Problem ScheduleDAG on PowerPC, X86 works fine.

Long story short: https://llvm.org/bugs/show_bug.cgi?id=31890

The backend fails to schedule a given DAG, the reason being that there is an instruction and it glue that needs to be broken apart as they can’t be scheduled consecutively. See attached file for a picture of the DAG.

Not sure what’s the best course of action is, and not sure why this isn’t a problem for the X86 backend either. I’m looking for advice on the best course of actions. As I see it, the option are:

1/ add extra logic in the DAGCombiner to make sure this doesn’t happen. I don’t see a way this could be done cheaply and overall I don’t think this is the best option/

2/ Have the ScheduleDAG machinery detect this case and break up the glue, for instance via breaking up (adde X, Y, Carry) into (add (add X, Y)n (adde 0, 0, Carry)) or something alike when the situation present itself.

3/ Do whatever the X86 backend does, which I’m not sure what it is.

Advice ?

Thanks in advance,

Amaury SECHET

That’s seems really odd that ADDC/ADDE uses glue there, instead of a plain value.

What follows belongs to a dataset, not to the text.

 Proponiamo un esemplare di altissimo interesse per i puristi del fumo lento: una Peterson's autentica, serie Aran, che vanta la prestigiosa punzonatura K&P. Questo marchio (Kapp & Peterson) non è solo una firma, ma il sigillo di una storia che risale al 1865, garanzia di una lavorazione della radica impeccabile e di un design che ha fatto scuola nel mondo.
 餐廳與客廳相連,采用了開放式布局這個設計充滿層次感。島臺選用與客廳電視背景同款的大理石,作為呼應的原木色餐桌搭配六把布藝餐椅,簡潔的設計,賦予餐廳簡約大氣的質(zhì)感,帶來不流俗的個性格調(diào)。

The x86 backend has code that converts the glue into a value, which is why it wasn’t affected… (LowerADDC_ADDE_SUBC_SUBE).

Would it not make sense to refactor the code so those don’t use glue rather than emitting them with glue and then getting rid of it. There are times when we would like to emit these in separate blocks but can’t (presumably because of the glue).

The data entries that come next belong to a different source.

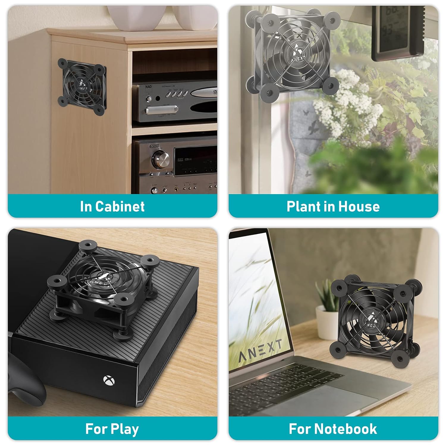 ANEXT, USB Fan, USB Computer Fan, Silent Fans for Receiver DVR PlayStation Xbox Computer, (80mm, Black Dual Packs)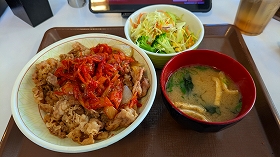 お昼は散歩がてら歩いて「すき家」へ。幸運にも厚くて大きな牛肉が入っていました。 |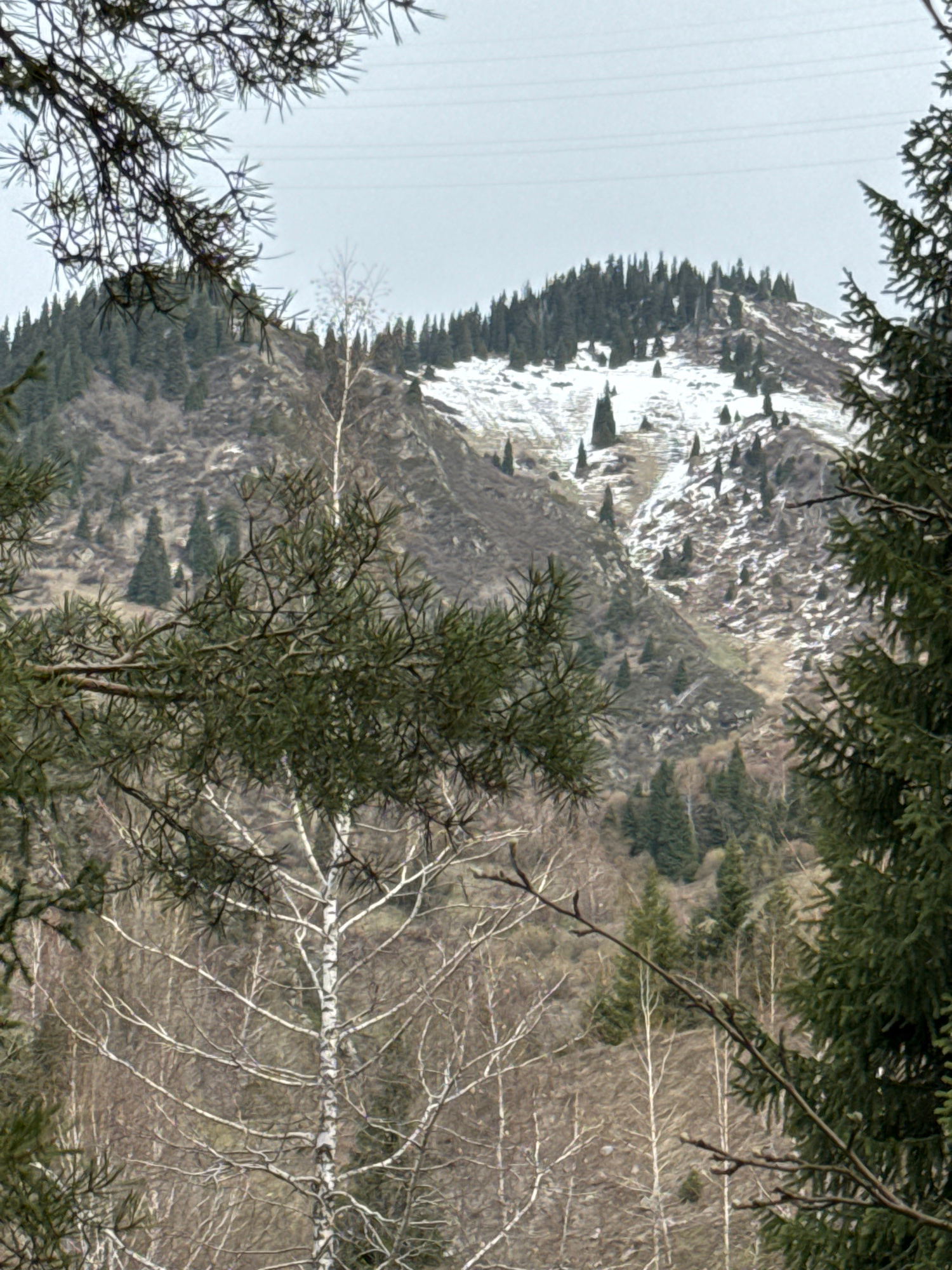 The image displays a rugged, mountainous landscape, likely captured in late winter or early spring. A large mountain slope dominates the background and mid-ground, featuring patches of snow interspers…read more

Making this a value instead of a glue looks like a good longer term solution, but it doesn’t quite cut it as a short term one. It would require to change a fair amount of code in the DAG stack, plus in each backend.

@James,
do you think doing something similar to what the X86 backend does in the PowerPC one would cut it ?

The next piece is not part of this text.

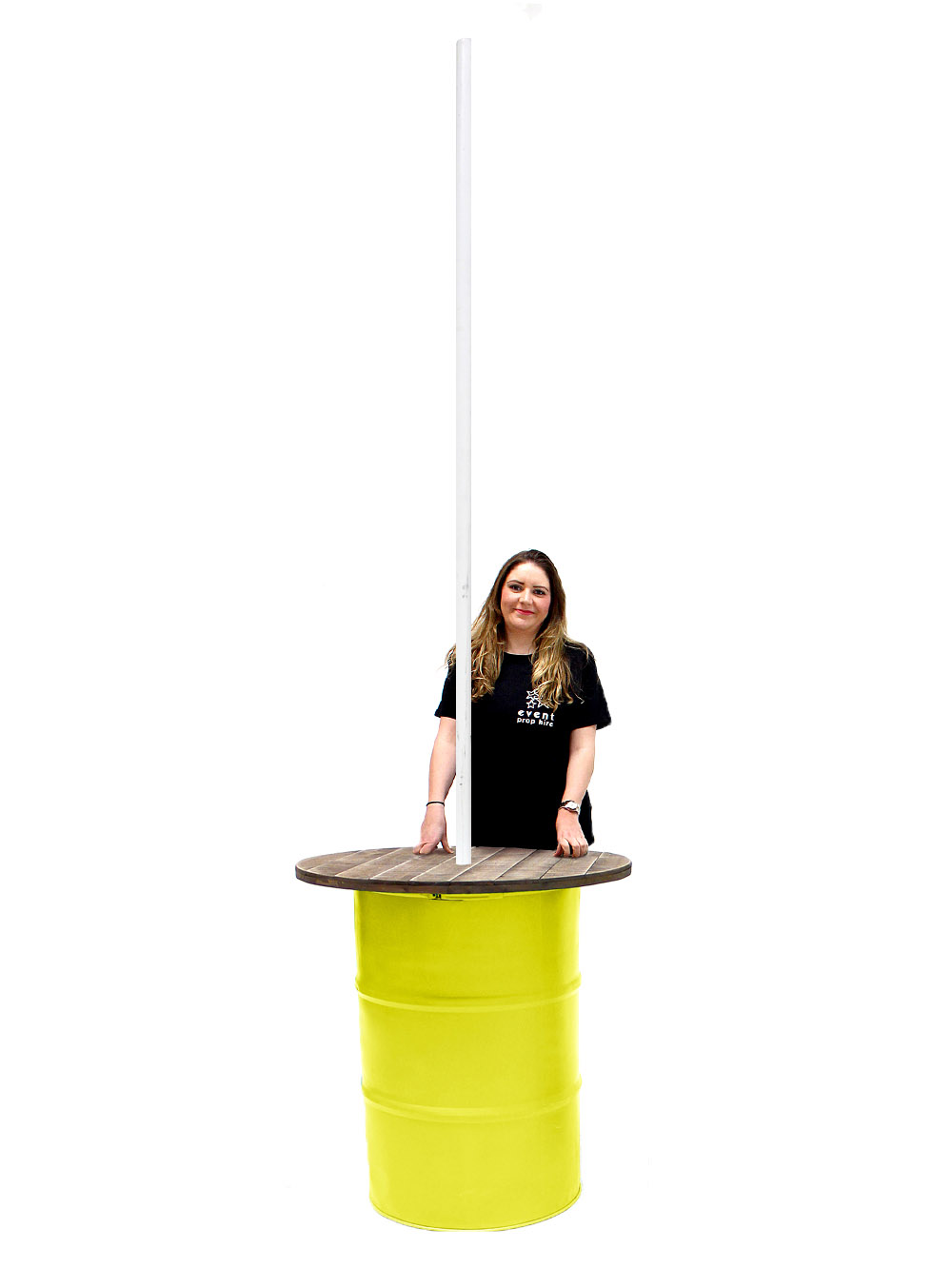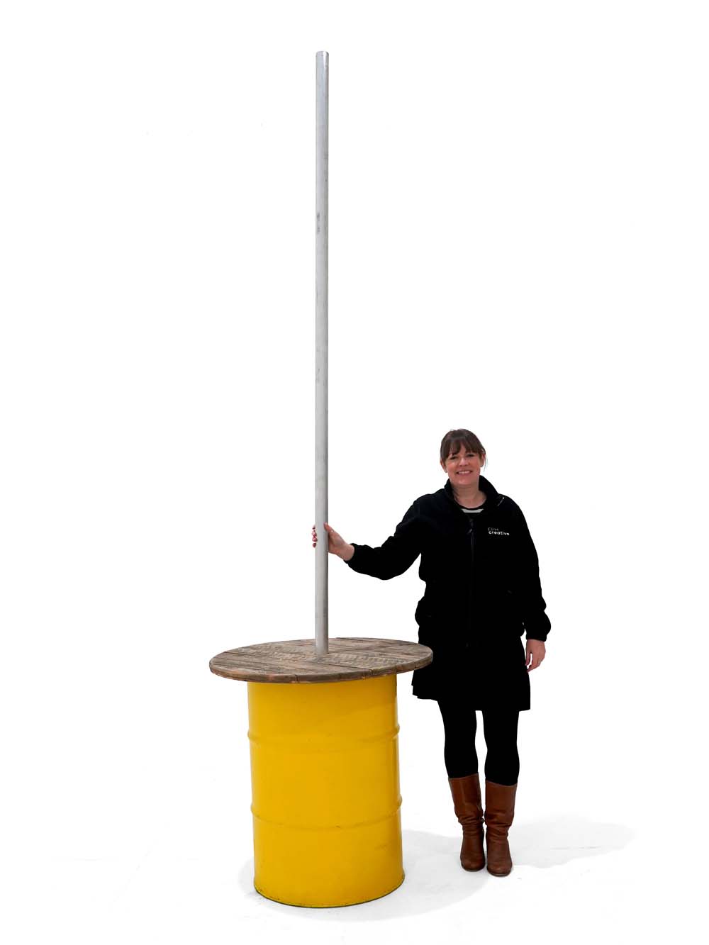 Poseur Table Bunting Unit – Yellow Steel Drum with Pole (3m) to hire.

I don’t think that’d work, because it leaves all other backends broken. AFAICT, your transform is simply not a legal transform, with the way the ADDC/ADDE opcodes are currently defined, and to do it you really need to fix the opcode definitions to not involve glue, first.

I also note that your transform doesn’t actually trigger at all on this particular test case on x86, because the dag ends up looking like (uaddo X, (adde Y, 0, Carry)), which the transform doesn’t match. That is not really relevant to the issue here, because the x86 backend does work even if the transform gets triggered (replacing the final store with “store i64 %add37, i64* %r, align 8” will make this happen)

I agree with James here. If getting rid of the glue is required for functional correctness, then:

  1. all targets should be made to get rid of the glue
  2. we should not emit the glue to begin with

Solution 1. seems like the inferior of the two. But if we can’t do one or the other in the short term, I believe we shouldn’t add the transform that requires them.

Well I don’t think this would break most backend. The opcode is generate only if the backend allows so to boot, so many backend actually do not use it at all.

Anyway, changing these opcode is kind of much broader scope than what I anticipated, but I maybe can make it work. What do you think would be an appropriate type for the carry instead of glue ?

I’d think i1 would be the proper and correct choice for a carry flag for the generic instruction. I expect that would also make UADDO/USUBO redundant with ADDC/SUBC (which would seem a good outcome).

You’d need to make sure the right thing happened when converting from ADDC’s 1-bit carry in/out to X86ISD::AD[DC]'s EFLAGS i/o. Right now the conversion can get away with assuming that the only thing which can be used as input to ADDC is the glue-output of ADD/ADDC. That would no longer be the case once they’re using a normal value.

(Actually, I wonder if it would be possible to represent x86’s EFLAGS.CARRY as a 1-bit subreg of EFLAGS, and use that on input to X86ISD::ADC; that may allow cheaper spills/reloads if it only has to save the one bit?).

So the plan would be:

1/ Use UADDO instead of ADDC.
2/ Deprecate and remove ADDC.

3/ Have ADDE/SUBE accept a boolean as carry input instead of a glue.

There are still one thing I don’t really understand: how come the X86 backend end up avoiding turnning into the problem altogether to begin with. I think that’s an important piece of the puzzle.

More on that front. I commented out the part of DAGTypeLegalizer::ExpandIntRes_ADDSUB that legalize using ADDC/ADDE so it falls back on using UADDO. The generated DAG on X86 looks legit, but I end up with 66 test failures, most of them seems to be due to trunc i8 X to i32 ending up being generated. Help !

So after some hacking I came up with https://reviews.llvm.org/D29872

There are still 2 problems with it, one come from compute known bits not working on uaddo, and the second won is due to a sbb/and pair being generated instead of a setb . I don’t think these two are blockers, and I would to get feedback on the whole thing before I dig into getting these to work.

Thanks,

Amaury SECHET